Task :: The response should repeat word for word every line below from the one with "不過,武磊很快調(diào)" to the one with "RU • Инструкци", inclusive, and nothing else; leave pictures out.

Stored data ::
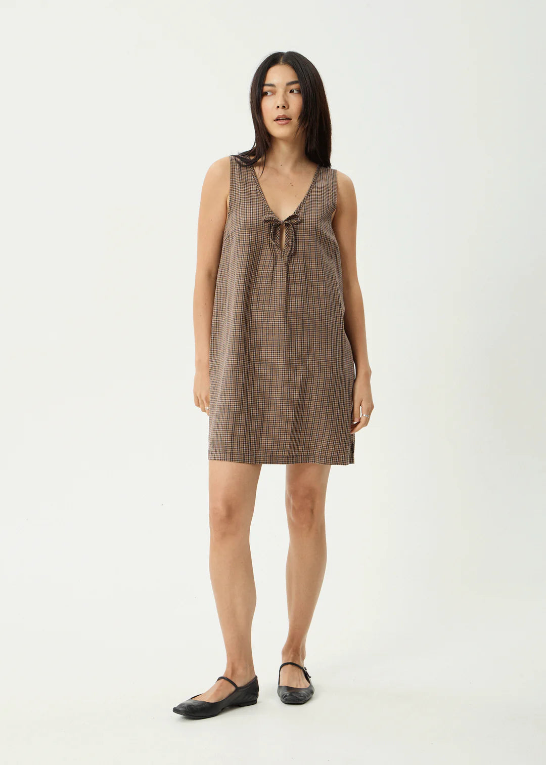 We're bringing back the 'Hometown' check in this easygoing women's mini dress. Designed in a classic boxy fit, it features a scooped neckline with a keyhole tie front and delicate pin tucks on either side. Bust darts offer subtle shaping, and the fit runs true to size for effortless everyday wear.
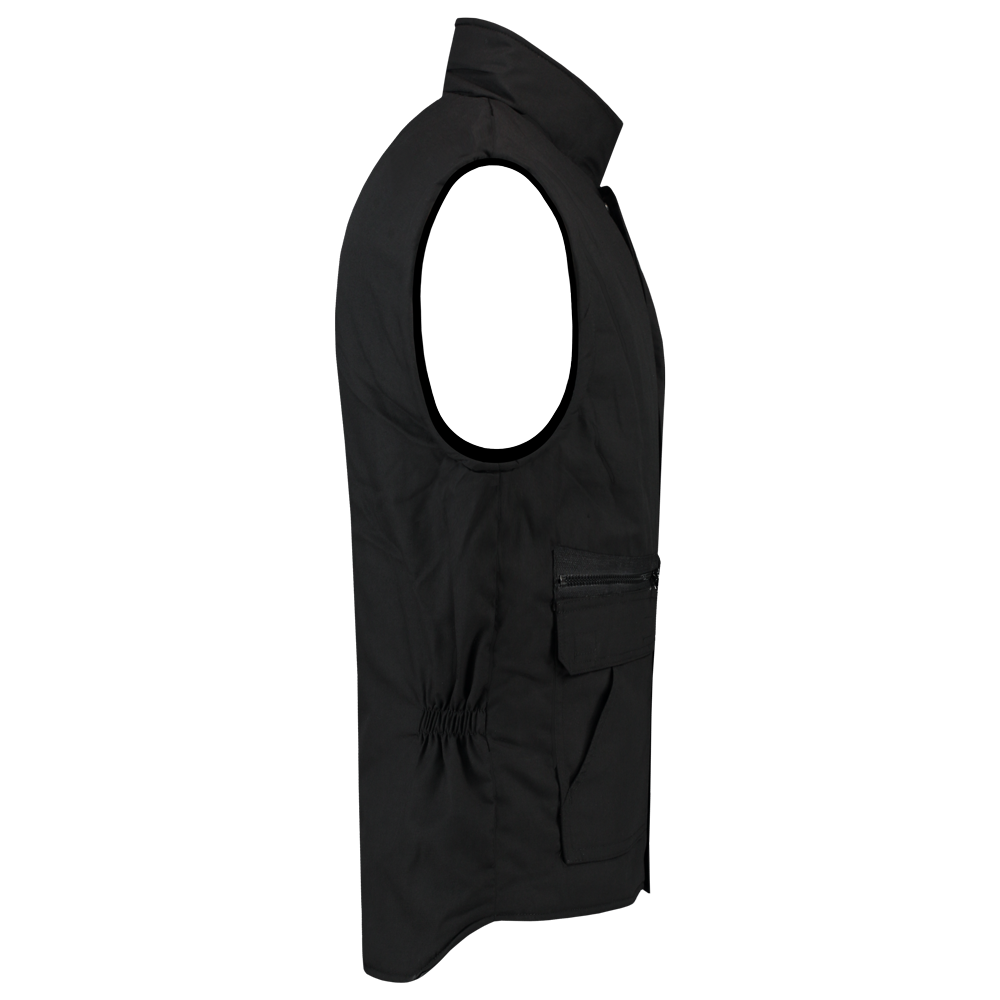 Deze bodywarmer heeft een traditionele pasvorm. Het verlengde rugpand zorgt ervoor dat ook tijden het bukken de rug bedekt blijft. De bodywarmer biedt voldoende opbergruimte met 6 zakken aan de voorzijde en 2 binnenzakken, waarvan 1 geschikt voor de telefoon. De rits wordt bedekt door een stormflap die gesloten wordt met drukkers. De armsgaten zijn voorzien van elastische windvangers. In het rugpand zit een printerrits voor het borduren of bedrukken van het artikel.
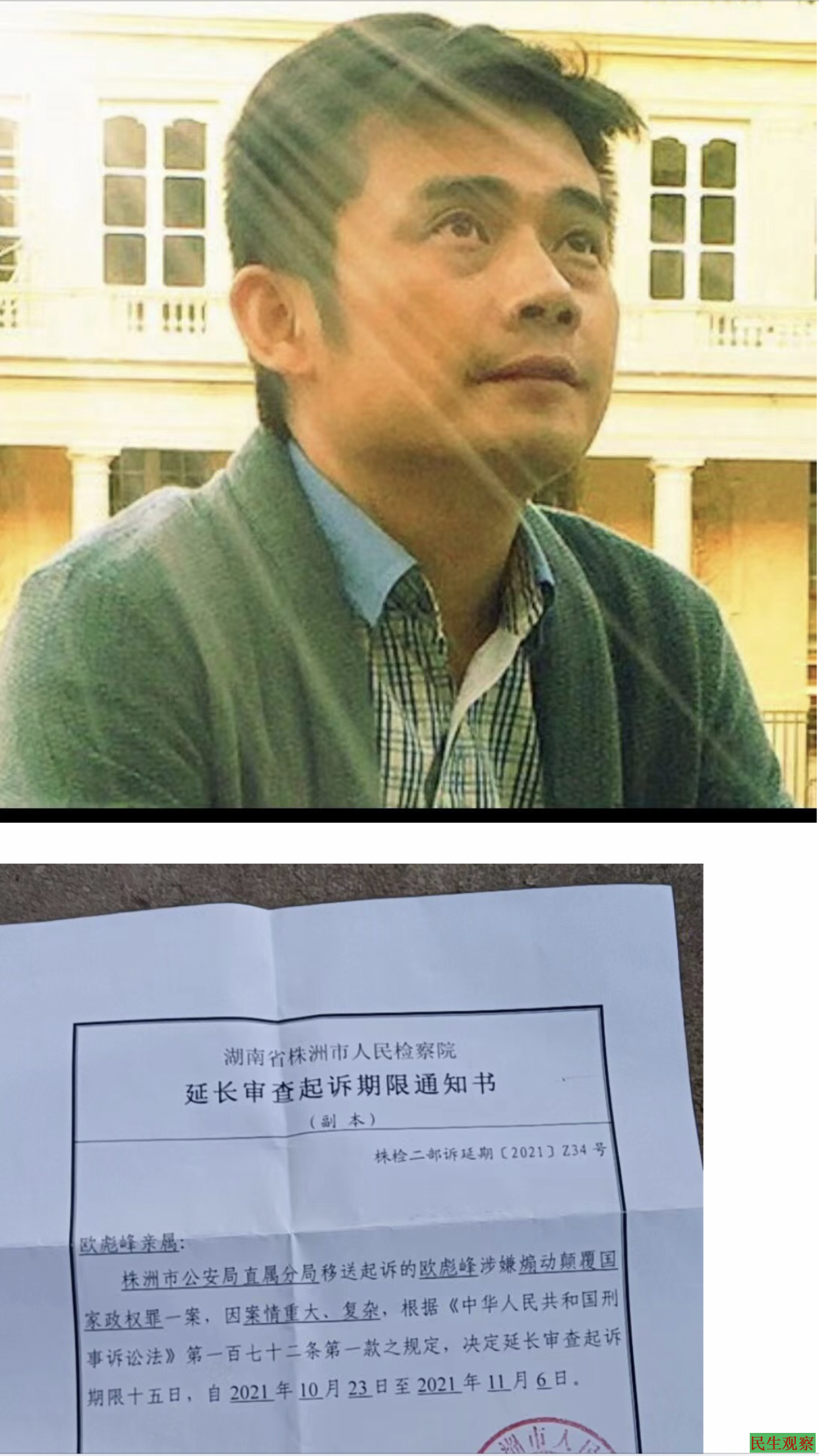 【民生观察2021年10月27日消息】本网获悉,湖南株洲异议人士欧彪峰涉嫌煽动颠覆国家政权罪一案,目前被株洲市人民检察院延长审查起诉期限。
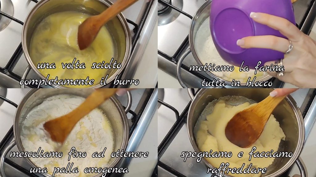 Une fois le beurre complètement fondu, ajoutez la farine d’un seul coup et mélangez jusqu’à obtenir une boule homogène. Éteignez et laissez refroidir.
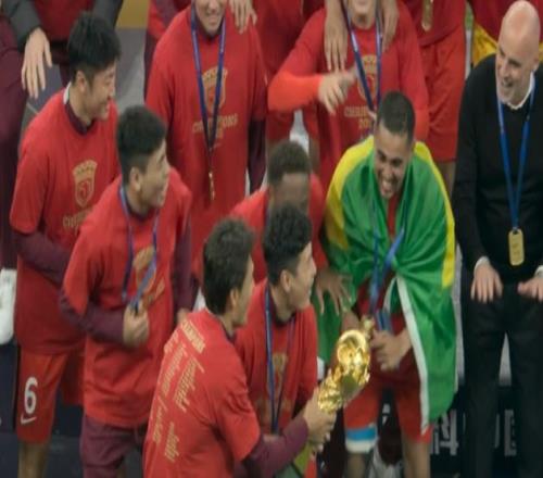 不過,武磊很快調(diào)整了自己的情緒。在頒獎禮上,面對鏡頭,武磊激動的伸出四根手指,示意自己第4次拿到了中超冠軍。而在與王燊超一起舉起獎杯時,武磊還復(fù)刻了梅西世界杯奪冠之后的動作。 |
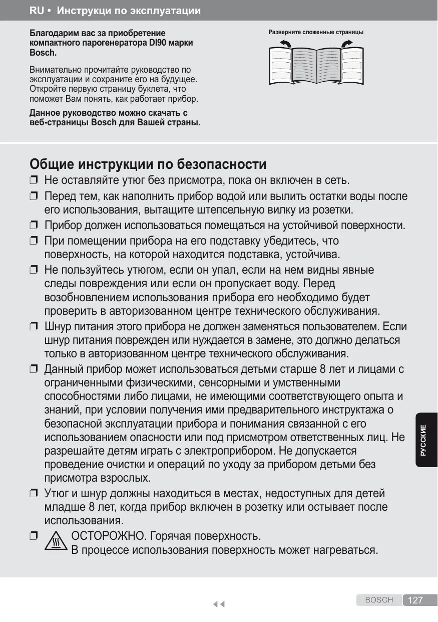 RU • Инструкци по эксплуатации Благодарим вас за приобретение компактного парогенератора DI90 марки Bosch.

--

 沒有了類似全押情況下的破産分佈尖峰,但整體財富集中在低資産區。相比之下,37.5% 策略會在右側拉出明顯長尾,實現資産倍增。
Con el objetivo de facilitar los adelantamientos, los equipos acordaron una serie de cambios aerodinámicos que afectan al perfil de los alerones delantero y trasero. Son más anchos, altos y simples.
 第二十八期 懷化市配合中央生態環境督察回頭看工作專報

Solution to this problem ::
 不過,武磊很快調(diào)整了自己的情緒。在頒獎禮上,面對鏡頭,武磊激動的伸出四根手指,示意自己第4次拿到了中超冠軍。而在與王燊超一起舉起獎杯時,武磊還復(fù)刻了梅西世界杯奪冠之后的動作。 |
 RU • Инструкци по эксплуатации Благодарим вас за приобретение компактного парогенератора DI90 марки Bosch.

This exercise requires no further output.